My Windows machine has seen an uptick in use over the last months for development purposes, but it's still stuck on Windows 10. I don't think I need or want to upgrade it.

Two questions:

- Do I need to upgrade it?

- How do I get comfortable with Windows shell? PowerShell doesn't do Unixisms. There are too many shells. Command Prompt / CMD, PowerShell, there's some utility that installed mingw64 terminal, and WSL is also a thing. Which one(s) should I use?

I'll expand on my shell question: The thing I'm struggling with now is that when I install utilities like git, cargo, etc., they seem to work for some shells but not others. They seem disconnected and not have the same access, visibility, and privileges. What can I read or do to get me over this hill? Which one(s) should I use? (I assume "CMD" is dead?)

I'm doing mostly Rust / TypeScript development on Windows, FWIW.

2 comments

Windows 10 will go EOL in October, so you should probably try to upgrade sometime before next year.

The first rule of PowerShell is to install the "real" PowerShell [1] instead of using the one bundled with Windows (which is out of date and importantly doesn't interoperate as well with non-PowerShell commands). I still don't like it, it's way too different from UNIX shells, but at least it's usable.

CMD hasn't gotten any improvements since like 1995 but it isn't going anywhere either. If you need something vaguely like a UNIX shell and that's always available, it's not a bad choice.

WSL2 is fine if you work mostly within its environment, which is made easier by things like VSCode's Remote extension. However, accessing Windows files from within WSL2 is surprisingly slow, so you really want to commit to it if you start using it.

I'm doing Rust on Windows too and apart from installing the MSVC tools and a compatible version of libclang, and occasionally figuring out how to write PowerShell, it's not been too much trouble. WinGet is pretty good and the library has quite a large selection of development tools.
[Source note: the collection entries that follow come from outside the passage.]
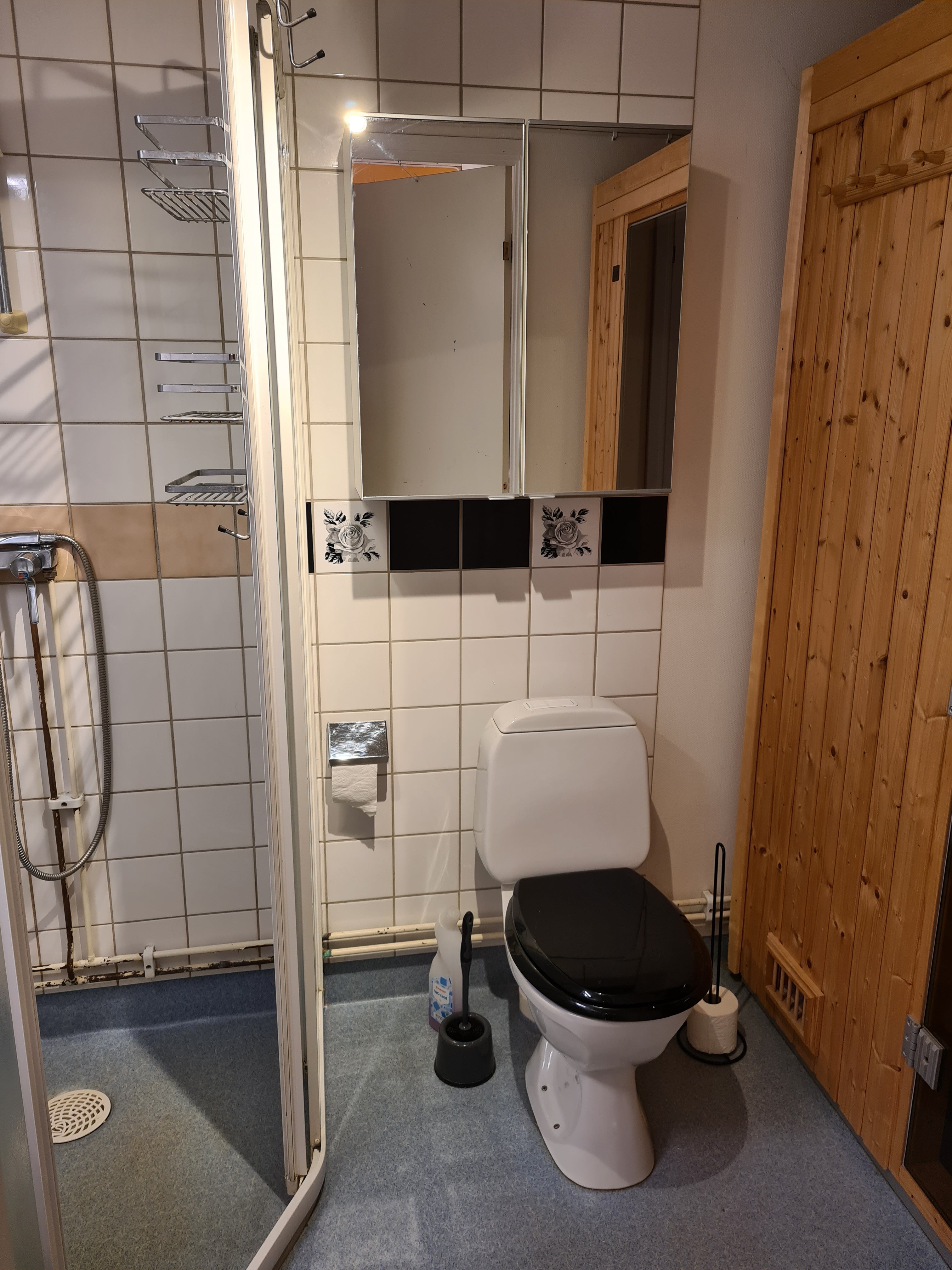 Ett badrum med dusch.
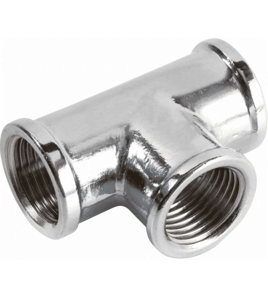 Raccordo a "T" in ottone cromato 3/4'' FFF, ideale per lavorazioni esterne. Elevata resistenza a ruggine e corrosione, superficie liscia e brillante per un aspetto estetico gradevole. Perfetto per collegamenti pratici e duraturi.Altro 1:
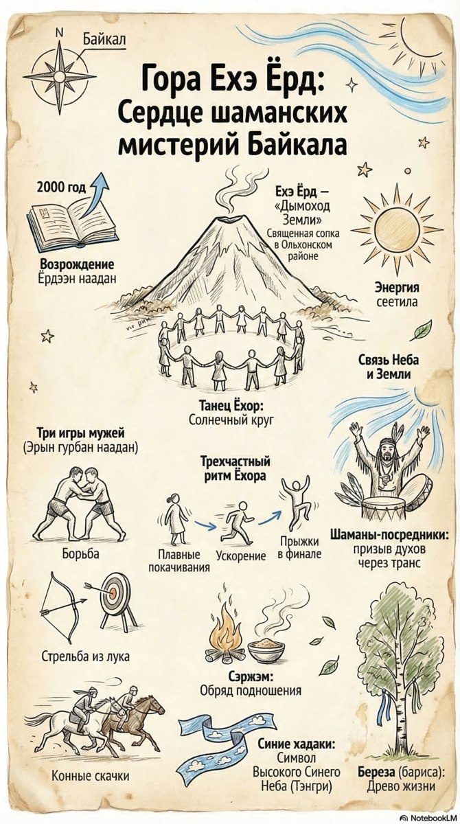 Ехэ Ёрд — священная сопка в Ольхонском районе, которую называют «Дымоходом Земли». С 2000 года здесь вновь проводят Ёрдынские игры (Ёрдын наадан) — великий праздник единения и силы. 📍 Ключевые элементы традиции: ⭕ Танец Ёхор. Солнечный круг, символизирующий связь миров. Его ритм включает три части: плавные покачивания, ускорение и высокие прыжки в финале, что наполняет участников энергией. 🏹 Три игры мужей. Состязания в борьбе, стрельбе из лука и скачках — это не просто спорт, а испытание духа и дань уважения предкам. 🌿 Духовные символы. Шаманы через транс призывают благодать божеств. Обряд Сэржэм, синие хадаки в честь Тэнгри и священная береза (бариса) как Древо жизни создают единое сакральное пространство. Ёрдын наадан — это мощный ритуал возвращения к истокам, объединяющий народы под Высоким Синим Небом. Канал нашей студии https://t.me/chimitdorzhi_studio
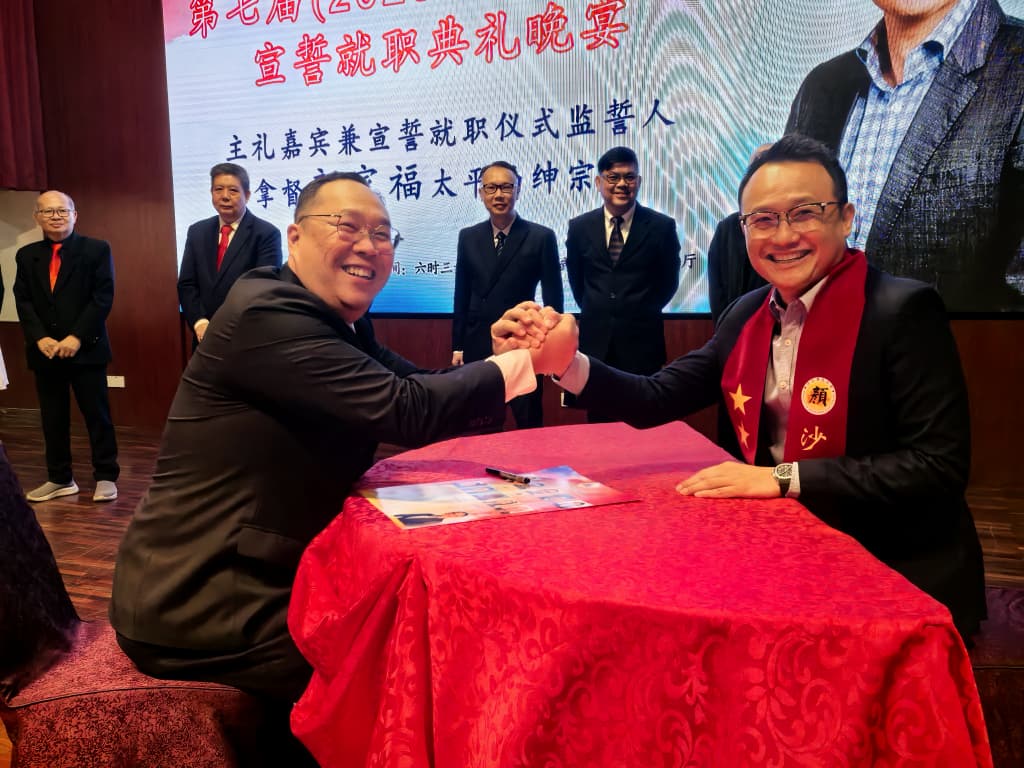 颜家福(右)恭贺颜谆颔出任沙巴颜氏公会会长。
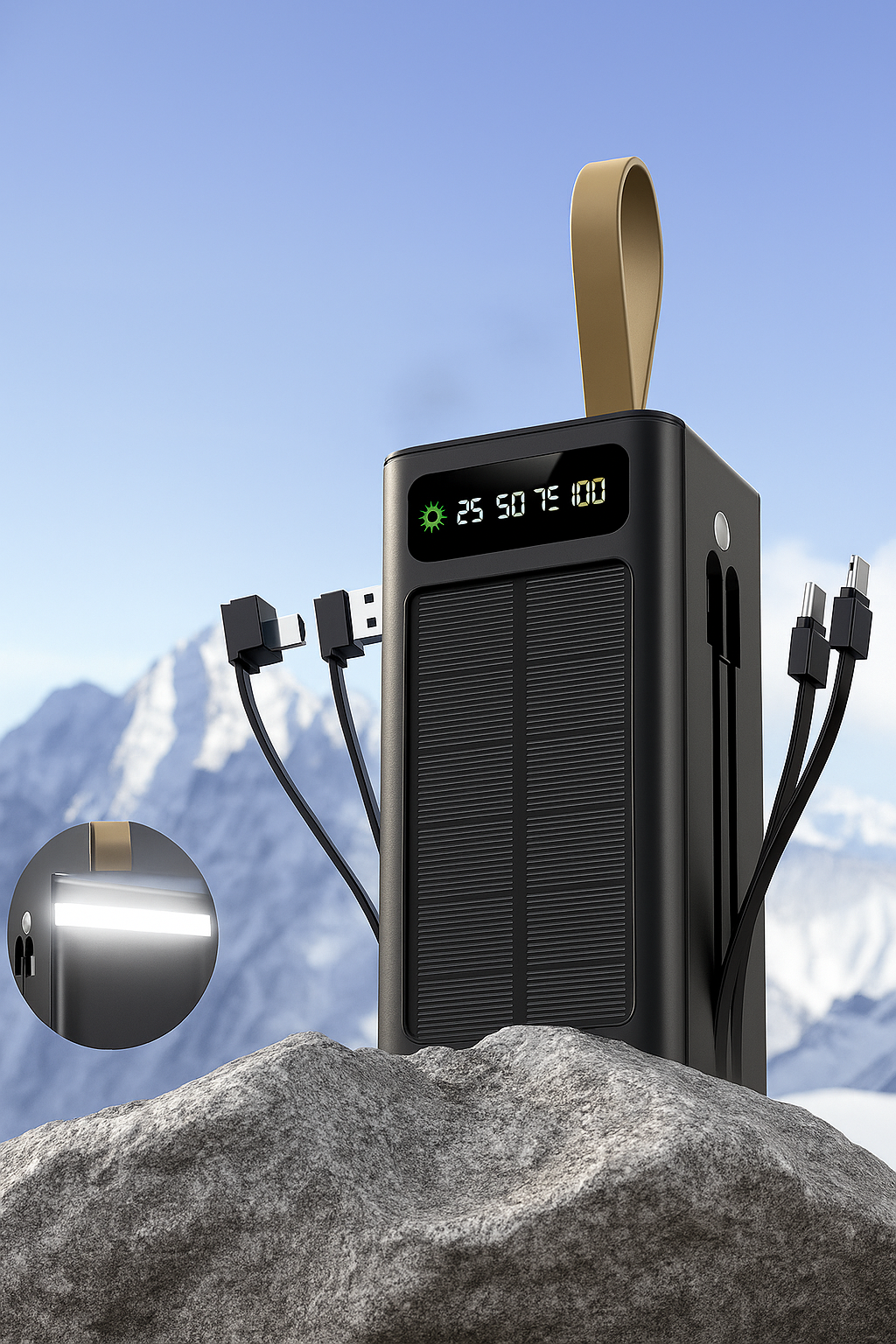 De volgende generatie nood‑energie: 50 000 mAh echte capaciteit, 100 W USB‑C PD, uitvouwbare zonnevleugels en draadloos Qi‑laden.
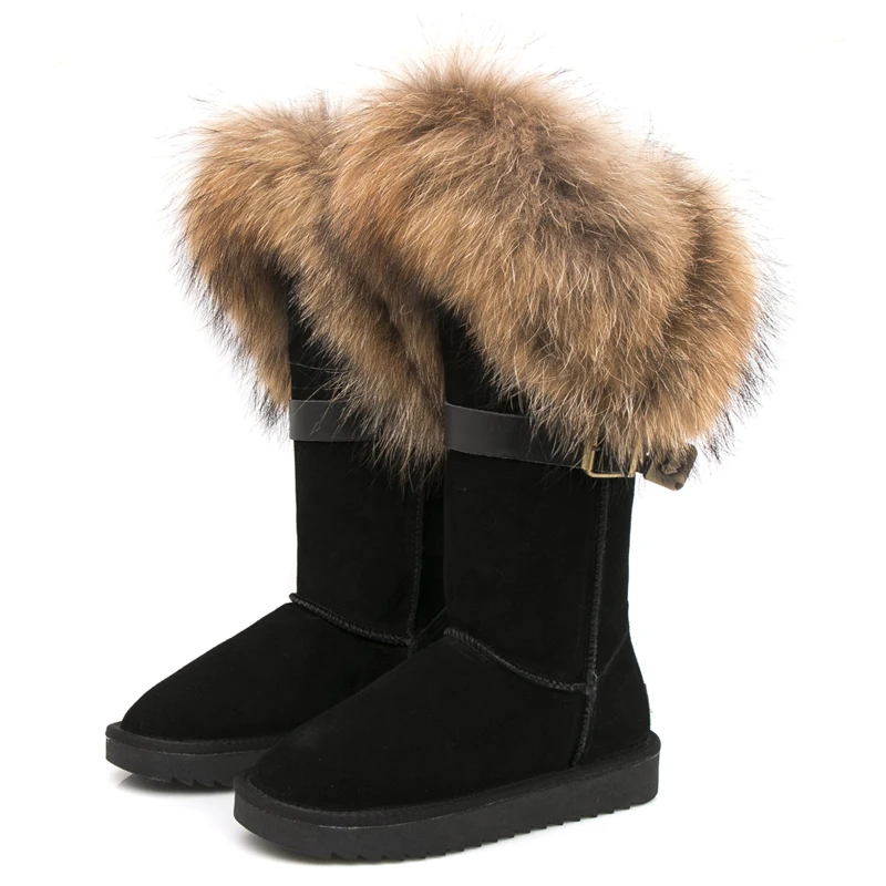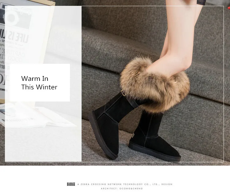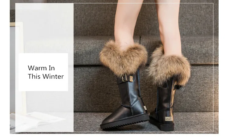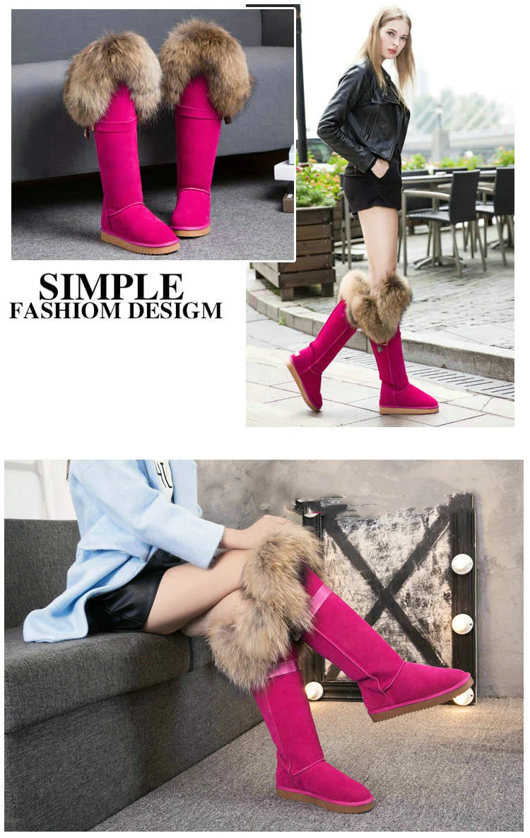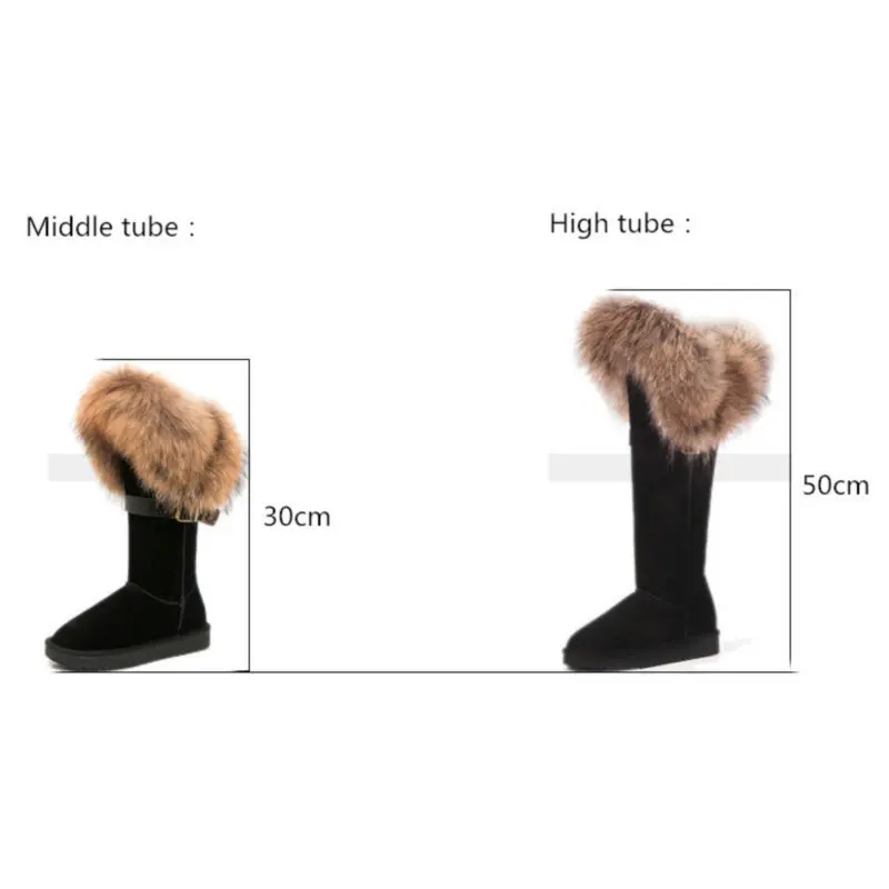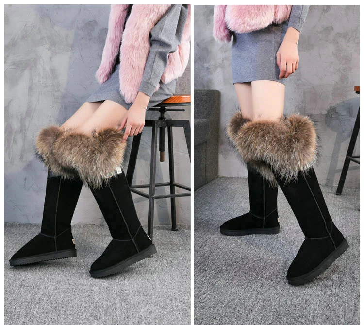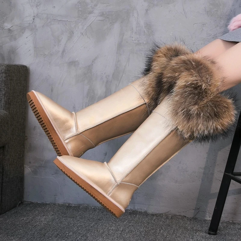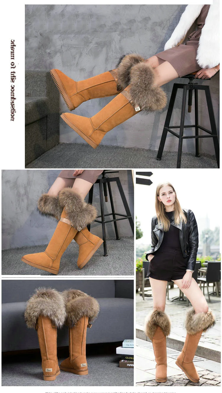 Роскошные сапоги до колена из натурального Лисьего меха женские сапоги сверхвысокие водонепроницаемые сапоги из воловьей кожи на толстой подошве для снега

[1]: https://learn.microsoft.com/en-us/powershell/scripting/insta...

> Windows 10 will go EOL in October, so you should probably try to upgrade sometime before next year.

That's the current plan but it wouldn't surprise me if they change their mind given the large Windows 10 install base still out there. They've done that before with Windows XP and 7.

I personally will never migrate to Windows 11, EOL or not. I'll keep using it for games that I can't get to work under Linux even after it is EOL, until Valve stops supporting it for Steam. At that point I'll delete the partition and never look back.